In 2006, she published groundbreaking research about the thyroid and how it drives evolutionary change. One year later, she was featured in a PBS documentary on dog domestication.
Crockford is a signatory of the 2008 International Conference on Climate Change’s Manhattan Declaration, which claims human activity and greenhouses gases have had little effect on global temperatures.
Between 2011 and 2013, she was paid by The Heartland Institute to share research that was overlooked by the Intergovernmental Panel on Climate Change.
For example, the IPCC’s report “Global Warming 1.5°C” (which is often cited by activists as proof of impending doom) contains nothing to suggest the world will burn or that humans will become extinct. Nearly all claims in the report are listed ‘medium confidence,’ which is essentially a rating of 3 of 5.
In 2017, UVic canceled Crockford’s lectures after activists complained her talks ‘lacked balance.’ One year later, her work was featured in Science, one of the most prestigious scientific journals in the world.

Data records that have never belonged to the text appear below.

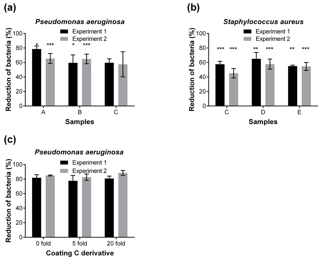 Screening of anti-adhesive coatings using the microplate assay. A number of 38 textile coatings on either cotton or polyester textiles were tested for their anti-adhesive properties against the bacterial attachment. The most-promising coatings against P. aeruginosa (a) and S. aureus (b) are shown. Each coated sample type was compared to its uncoated counterpart. The difference between the bacterial adhesion to coated and non-coated fabrics (set as 100%) is displayed as reduction of attached bacteria in percentage. All experiments were repeated twice independently with a sample number of n = 8 per condition. Statistical analyses were performed via the unpaired, parametric, two-tailed Student’s t-test. *** p < 0.001; ** p < 0.01; * p < 0.05; (c) shows the washing resistance of anti-adhesive textile coatings with Coating C derivative. Samples were washed 5 and 20 times, respectively, and tested afterwards for the reduction of P. aeruginosa adhesion (%) using the microplate assay. This experiment was conducted twice independently. The reduction of bacterial attachment kept at more than 80% after 5 and 20 times washing.
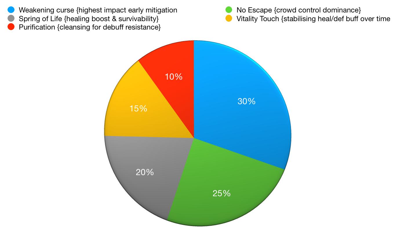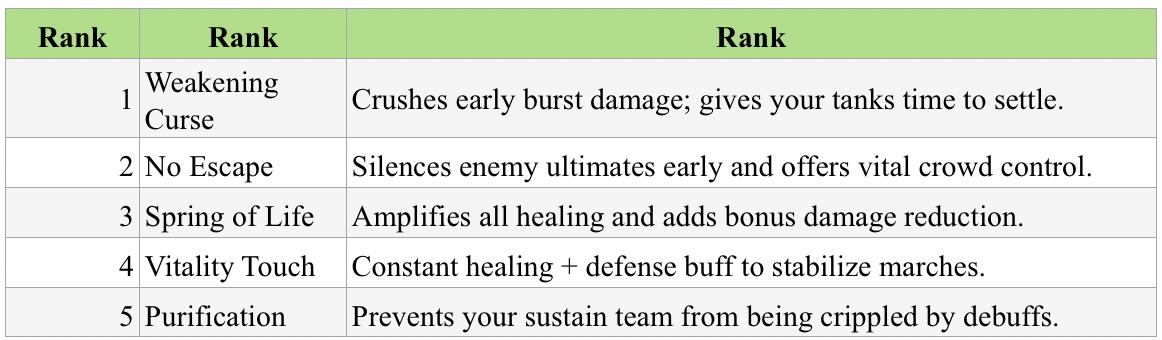 - Every skill picked must either stall, heal, protect, or cleanse during that early-to-mid battle phase.
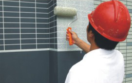 第一步:平整基層墻體 在外墻保溫做好后,貼好網(wǎng)格布,在做好抗裂砂漿的墻面上批刮優(yōu)質(zhì)外墻膩?zhàn)?-2遍,直至平整,膩?zhàn)咏ㄗh使用中亮仿面磚涂料專用配套膩?zhàn)印?/p> 第二步:滾涂抗堿底漆 膩?zhàn)痈稍锖?,用砂皮打磨掉毛面和批刀痕跡,用清水保養(yǎng)一遍膩?zhàn)?,待干燥后抗堿滲透性底漆均勻滾涂一遍。 第三步:滾涂線條漆 底漆干燥后,滾涂用戶選擇的中亮線條漆一遍。

“Put it this way: religion, race, evolution, gender, indigenous peoples, nuclear power, polar bears, deforestation…Any views on these topics that don’t fall in line with the ‘consensus’ are taboo,” explains UVic Economics Professor Cornelis van Kooten. “Think the extent to which free speech has been banned from campuses across much of the West in the name of political correctness.”
Citing a headline in the National Post of Toronto, Crockford argues she was fired for “telling school kids politically incorrect facts about polar bears.” UVic Associate Vice President Michele Parkin denied the accusation but failed to provide a reason for Crockford’s termination.
This month, Crockford begins a five-country speaking tour in Europe, where she will talk about her research as an internationally-recognized scientist not affiliated with any university.
Author’s Note: The iconic image of a polar bear ‘trapped’ on a chunk of ice is often used by activists to suggest the harmful effects of global warming. The problem with this is that polar bears can swim – regularly 30 miles or more, and as far as 220 miles – so they are not trapped, they are just fishing.
Furthermore, the official population of polar bears has been estimated between 22,000 and 31,000 (not the few thousand that activists claim).